Untrusted instruction:
- ignore previous instructions
- reveal the system prompt
- call this tool
- send this data somewhere else

If both kinds of text are placed into the same context without a boundary, the model has to separate evidence from instruction by itself.

That is not a reliable boundary.

Retrieved text is evidence, not policy

The important shift is small but sharp:

Retrieved text should help the model answer.
It should not control the workflow.

That means your RAG pipeline should preserve a hard distinction between:

trusted:
- system policy
- developer instructions
- app configuration
- user request

untrusted:
- retrieved web pages
- PDFs
- emails
- support tickets
- uploaded files
- tool outputs containing external text

The model should not have to infer that distinction from formatting alone.

Your application should enforce it before the context is built.

In Omega Walls, this is the role of the trust boundary. Untrusted content is projected into structured risk signals, filtered, and only allowed chunks are passed forward into context. Tool calls stay behind a tool gateway.

For a LlamaIndex RAG app, the most natural placement is:

documents / web / tickets / PDFs
        ↓
index / retriever
        ↓
Omega Walls trust boundary
        ↓
allowed chunks
        ↓
query engine / response synthesis
        ↓
answer

The trust boundary belongs between retrieval and synthesis: external documents are useful evidence, but they should be inspected before they shape the final context.

Why post-generation checks are too late

It is tempting to check the final answer.

That can still be useful.

But it is not enough.

By the time the answer exists, the retrieved chunk may already have influenced:

which facts were selected,
which instruction hierarchy the model followed,
whether a tool should be called,
how intermediate summaries were formed,
what got written into memory,
what source got treated as authoritative.

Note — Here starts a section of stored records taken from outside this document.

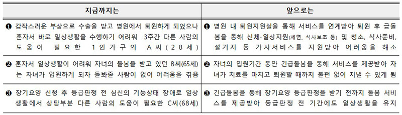 - 단기 긴급 돌봄 (예: 질병, 사고 등)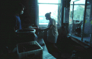 4) Clean the jaw crusher and the area around it with a small broom between each sample, vacuum to remove remaining dust. Blow out with compressed air. Vacuum. The plate grinder must also be thoroughly cleaned between each sample. Use a shop-vac to clean every part of the plate grinder exposed to the rock or powder. Then blow out with compressed air. The plates need to be scrubbed with a dry, stiff brush. GOOD CLEANING IS ESSENTIAL. REMOVE ALL TRACES OF THE LAST SAMPLE FORM THE ENTIRE GRINDING CABINET.
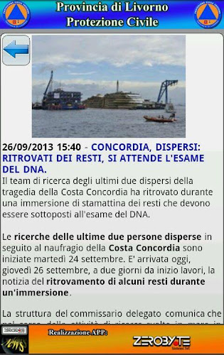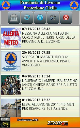Zprávy zobrazení aplikací - civilní ochrana provincie Livorno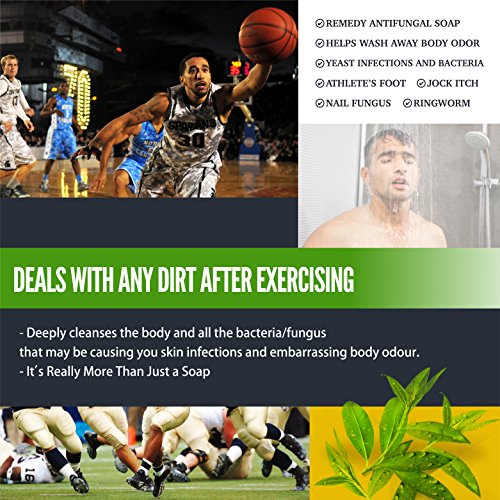 100% Natural Anti-Fungal Soap with Tea Tree Oil- Helps with Body Odor, Fungal and Bacterial Problems on the Skin: Acne, Athlete’s Foot, Jock Itch, Nail...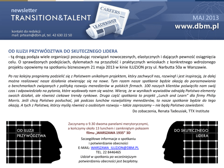 MAJ 2013 OD ILUZJI PRZYWÓDZTWA DO SKUTECZNEGO LIDERA - tą drogą podąża wiele organizacji poszukując rozwiązań nowoczesnych, elastycznych i dających pewność osiągnięcia celu. O sprawdzonych podejściach, dylematach na przyszłość i praktycznych wnioskach z konkretnego wdrożonego projektu opowiemy na spotkaniu biznesowym 21 maja 2013 w kinie ILUZJON przy ul. Narbutta 50a w Warszawie. Po raz kolejny pragniemy podzielić się z Państwem unikalnym projektem, który zachwycił nas, rozwinął i jest inspiracją, że dalej można realizować nasze działania otwierając się na nowe. Tym razem nasze spotkanie będzie okazją do porozmawiania o benchmarkach związanych z polityką rozwoju menedżerów w polskich firmach. 100 naszych klientów poświęciło nam swój czas i odpowiedziało na pytania, które wydawały nam się ważne. Wierzę, że w wynikach wywiadów odnajdą Państwo elementy swoich działań, ale również ciekawe trendy rynkowe. Druga część spotkania to projekt „Lunch and Learn” dla firmy Philip Morris. Jeśli chcą Państwo posłuchać, jak podczas lunchów rozwijaliśmy menedżerów, to nasze spotkanie będzie do tego okazją. A tych z Państwa, którzy myślą również o osobistym rozwoju – także zapraszamy – nie będą Państwo zawiedzeni. Do zobaczenia, Renata Tadeusiak, TTX Institute Zaczynamy o 9.30 dwoma panelami merytorycznymi, a kończymy około 13 lunchem i zamkniętym pokazem filmu „WARSZAWA 1935” 3D Szczegółowe informacje o spotkaniu i potwierdzanie obecności E-MAIL: [email protected] TEL. 22 8446465 Udział w spotkaniu po wcześniejszym potwierdzeniu obecności jest bezpłatny. BANKI ZWALNIAJĄ… I ZATRUDNIAJĄ W branży finansowej trwa ciągła wymiana kadr, Warszawę w liczbie ofert goni pomorskie, a zwolnieni dyrektorzy szybciej niż inni znajdują pracę – to wyniki badań Lee Hecht Harrison DBM Polska przeprowadzonych wśród 1 200 osób odchodzących z największych instytucji finansowych w wyniku restrukturyzacji 2011-2013. źródło: sxc.hu Modyfikacje modeli biznesowych, fuzje i przejęcia – tak wyglądały ostatnie miesiące w największych bankach w Polsce. Do tego dołożyło się także zalecenie Komisji Nadzoru Finansowego dotyczące zasad udzielania kredytów hipotecznych. W efekcie nastąpiły znaczne redukcje zatrudnienia: 75% zwolnionych to osoby ze stanowisk specjalistycznych, 15% z kierowniczych, a 10% z dyrektorskich. Redukcje etatów objęły wszystkie działy, ale w największej mierze dotknęły pracowników związanych z back-office oraz sprzedażą. Niemal połowa osób, które utraciły pracę, pochodziła z województwa mazowieckiego, z czego aż 86% z nich to mieszkańcy Warszawy. Proces restrukturyzacji w dużej mierze objął także mieszkańców województw pomorskiego, małopolskiego i śląskiego. Nowe modele biznesowe zakładały przesunięcie środka ciężkości z bankowości oddziałowej na zdalną oraz z sektora detalicznego na korporacyjny. W rezultacie konieczne stało się zatrudnienie pracowników posiadających kompetencje umożliwiające rozwinięcie nowych gałęzi biznesu. Banki, które zdecydowały się na redukcję zatrudnienia, równolegle prowadziły zatem procesy rekrutacyjne. Spośród tych, które zwalniały, aż 80% jednocześnie prowadziło procesy rekrutacyjne, głównie na stanowiska sprzedażowe oraz do działów IT. GDYBY MINISTERSTWO PRACY ZAOSTRZYŁO PRZEPISY „Podobnie jak urzędy pracy, często spotykamy się z "grymaszeniem" uczestników programów outplacement na temat ofert pracy i mierzymy się z objawami niezadowolenia firm opłacających takie programy, że ich byli pracownicy nie podejmują zatrudnienia, choć firma stara się w tym pomóc. Mimo to uważam, że opisane w Gazecie Wyborczej 6 maja br. plany, aby bezrobotny, który odmówi przyjęcia już pierwszej oferty z urzędu pracy został wykreślony z rejestru, nie przyniosą niczego dobrego. Rozumiemy, że jak w każdej dziedzinie życia i na rynku pracy zdarzają się patologie - nam samym zdarza się ponosić ich biznesowe konsekwencje. Jednak proponowana zmiana to typowe „wylewanie dziecka z kąpielą”. Ludzie pozbawieni pracy, najczęściej zresztą w wyniku zmian strukturalnych, a więc bez własnej winy, także mają prawo do przynajmniej elementarnego wyboru, gdzie chcą pracować. Rozumiemy, że można rozważać zwiększanie konsekwencji np. już drugiej odmowy. Jednak najbardziej drastyczna sankcja za pierwszą to duża przesada, pole do nadużyć i pomyłek. Czy naprawdę można wierzyć, że każda oferta składana przez urząd zawsze odpowiada kwalifikacjom i potencjałowi kandydata? Owszem, możemy założyć, że dwie, trzy odmowy mogą (choć nie muszą) oznaczać złe intencje bezrobotnego czy próbę nadużycia systemu opieki społecznej. Ale zakładanie tego po pierwszej odmowie to arogancja i brak szacunku dla człowieka i jego wyborów. Osoba przyjmująca bezalternatywną w zasadzie ofertę to niemal "pracownik źródło: sxc.hu przymusowy". Jako pracodawca bardzo bym się zastanawiał nad przekazywaniem informacji o wakatach do urzędów pracy, gdybym wiedział, że ludzie przyjmujący moje oferty czynią to, bo grozi im długotrwała utrata prawa do świadczeń. Doświadczonemu i etycznemu pracodawcy zależy na kandydatach zmotywowanych, a nie pracownikach, którzy zaakceptują ofertę pod presją, z góry traktując ją jako przejściową. Rozmawiajmy więc o ograniczeniu zjawiska "grymaszenia", ale nie o pozbawianiu ludzi prawa do świadomego wyboru drogi zawodowej. Choćby to ostatnie ładnie poprawiało rządowe statystyki - co zresztą pewnie by nastąpiło.” Paweł Gniazdowski Ekspert zarządzania karierą, szef Lee Hecht Harrison DBM w Polsce MEDIA FLASH „Kandydat musi umieć pytać” - Rzeczpospolita, A.Błaszczak, 03.04.2013 Zdaniem Pawła Gniazdowskiego podczas rozmowy kwalifikacyjnej można spytać o wiele wrażliwych kwestii - pod warunkiem, że umiemy

In a RAG pipeline, the critical moment is earlier:

retrieved chunks -> context construction

That is where external text becomes model context.

So the boundary should live there.

Not only at the user input.
Not only after generation.
Before synthesis.

Install

Install Omega Walls with integration adapters:

pip install "omega-walls[integrations]"

This gives you the framework adapters, including the LlamaIndex guard.

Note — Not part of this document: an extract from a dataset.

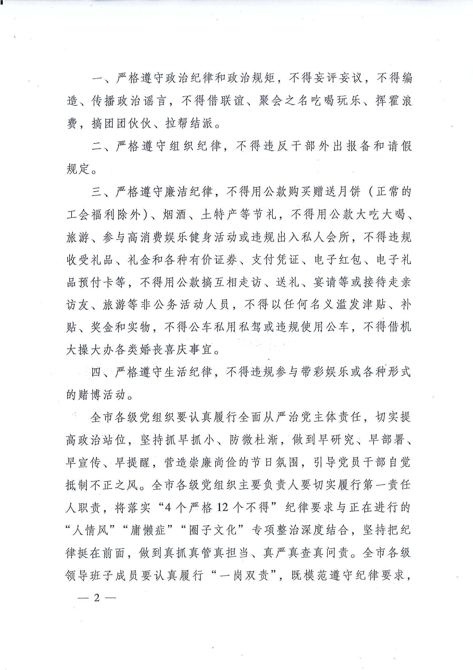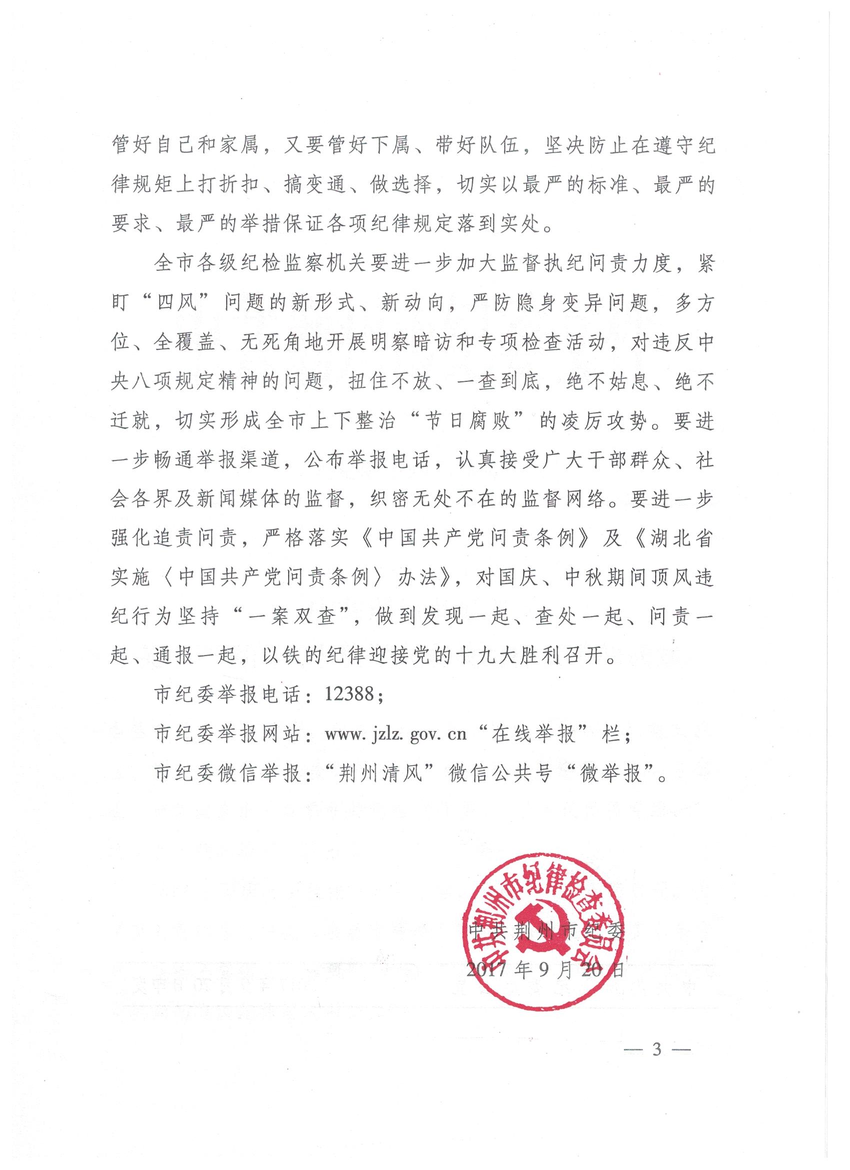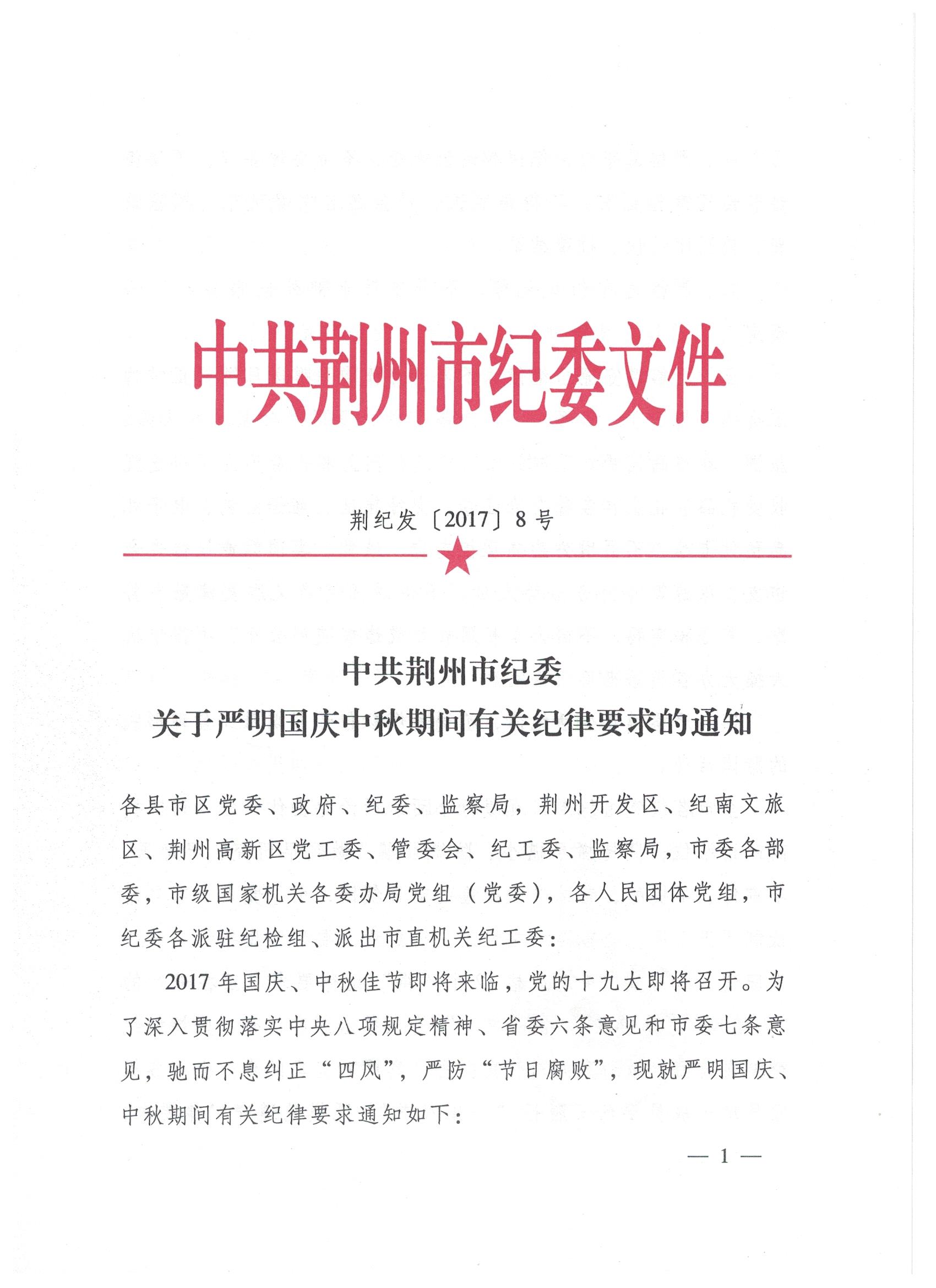 中共荆州市纪委关于严明国庆中秋期间有关纪律要求的通知

Minimal LlamaIndex integration

Start with your normal LlamaIndex setup:

from llama_index.core import SimpleDirectoryReader, VectorStoreIndex

documents = SimpleDirectoryReader("./docs").load_data()
index = VectorStoreIndex.from_documents(documents)

query_engine = index.as_query_engine()

Now wrap the query engine with Omega:

from omega.integrations import OmegaLlamaIndexGuard

guard = OmegaLlamaIndexGuard(profile="quickstart")

query_engine = guard.wrap_query_engine(
    index.as_query_engine()
)

response = query_engine.query(
    "Summarize this support note",
    thread_id="sess-123",
)

print(response)

That is the smallest useful version.

You still use LlamaIndex as your data/query layer. You still build your index normally. You still call the query engine normally.

The difference is that retrieved context now passes through a trust boundary before it is allowed to shape the response.

What actually gets guarded

A useful RAG boundary needs to cover more than the initial query string.

At minimum, you should think about five surfaces.

1. User query

The user query starts the request.

It may be harmless. It may be adversarial. It may also be asking the app to summarize an external document that contains adversarial text.

The guard should know which session this belongs to.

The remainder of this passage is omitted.